How to Safeguard Your Prescription and Over The Counter (OTC) Drugs
Safeguarding your prescription and OTC (over-the-counter) drugs involves the proper use, storage, and disposal of any type of medication.
In our society today more and more addictive narcotics are being prescribed and used than at any time in our history. That being said, always be sure to ask your doctor to explain how a drug affects you or a family member and what the long and short term side effects are. Do this for all drugs that are prescribed and answer these questions:
1. What is the class of the drug? Is this drug an opiate? Many people are not aware that OxyContin, OxyCodone, Perqoset and Vicodin are opiates and are highly addictive. Make sure your doctor explains this in detail and make a decision on taking such a prescription based on this.
2. Are there any Non Narcotic alternatives for the prescribed drug that is an opiate or narcotic? Try and find one that may have less side effects and be better for you or your family members.
3. How long should the drug be taken for, and how often should the drug be taken? Only take prescription drugs as written by your doctor. Plus, only take medications that are prescribed to YOU!
Remember you should NEVER share prescription drugs with anyone. Even if it’s the same type and dose.
4. Explore information on the drug you are going to take and the risk factors associated with that drug before you make a decision for the use of any medicine. All pharmacies include information packets on that medication. If you are unsure ask your pharmacists or your doctor.
Keep your prescription and OTC drugs in a safe location, away from the obvious places that we keep everyday items in and out of plain site. This vital responsibility and conscious effort must be enforced. Drugs that are strong narcotics and/or fall into the opiate category should be locked up in a cabinet, lock box or a strong box. A lock box should be monitored to ensure no one has access to it. You do not want these available to your children, or their friends. An opiate pill sells for $ 20 to $60 on the street. This is how the addiction epidemic enters your backyard. Daily medication should be dispensed for daily use, monitored and taken responsibly.
Proper disposal of prescription drugs starts with knowing when and how to dispose of them. All prescription medications should be taken and finished as written by your doctor. If you have finished the use of any drug, OTC or prescribed, then be sure there are no renewals on the bottle before disposing of it.
ONLY THROW OUT BOTTLES IF THEY ARE EMPTY & THERE IS A ZERO REFILL ON THE PRESCRIPTION LABEL.

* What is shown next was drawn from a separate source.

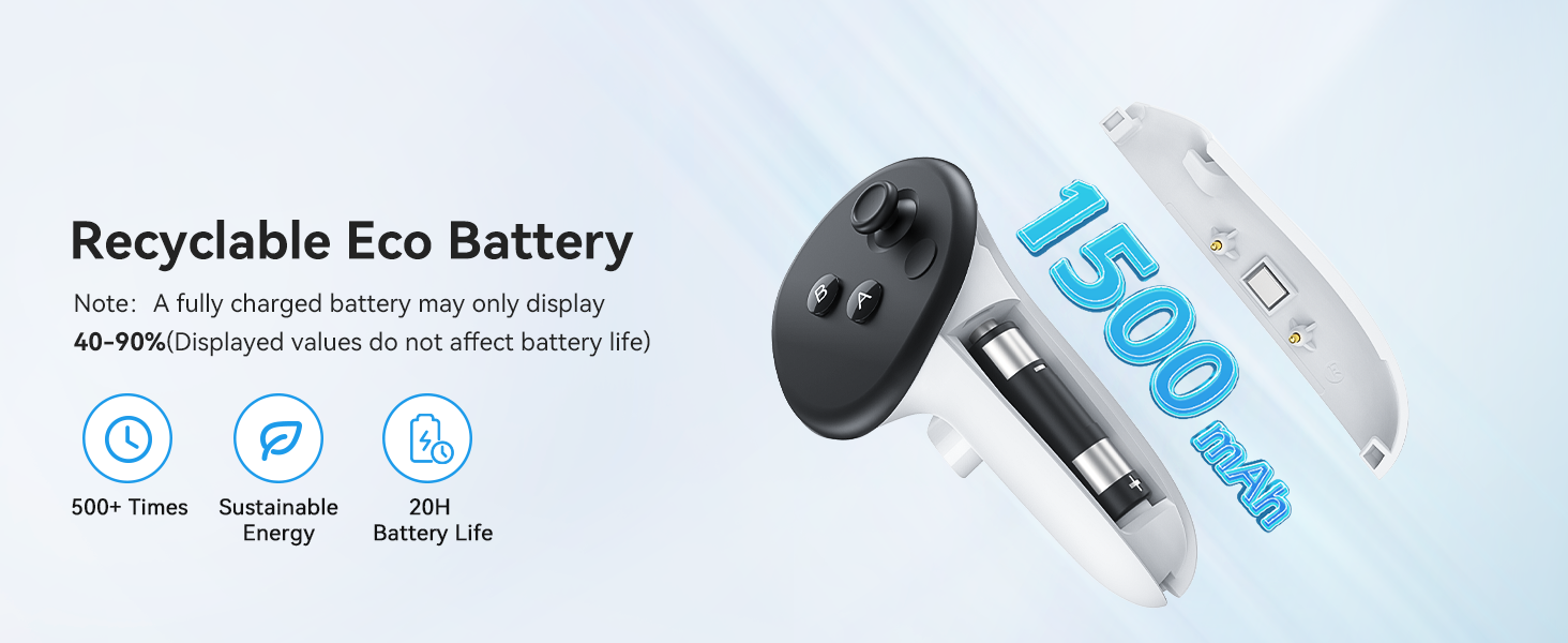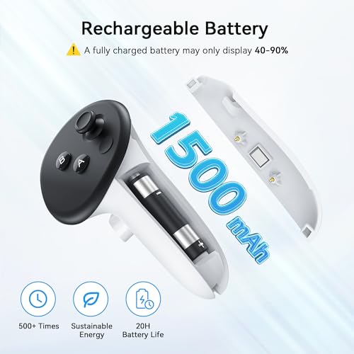 This is normal and doesn't impact the 20-hour battery life. Due to different voltage profiles of rechargeable batteries, the VR headset's charge indicator may be inaccurate with these batteries.

If any type of medication is left over, expired or never used, there is no reason to keep them. Proper disposal does not mean throwing them in the garbage. Addicts are known to go through trash to find what they can. Do not flush them down the toilet! This can and will poison the water supply. Unused or expired medications need to be disposed of at local drop locations. These boxes are monitored by the Drug Enforcement Agency (DEA) and the National Association for Drug Diversion Investigators (NADDI) There are also take back days nationally. This was first enforced in the state of New Jersey. There are allocated drop off facilities in your community. A great way to start is to call your local police department. They will be happy in assisting you where to dispose old prescription drugs.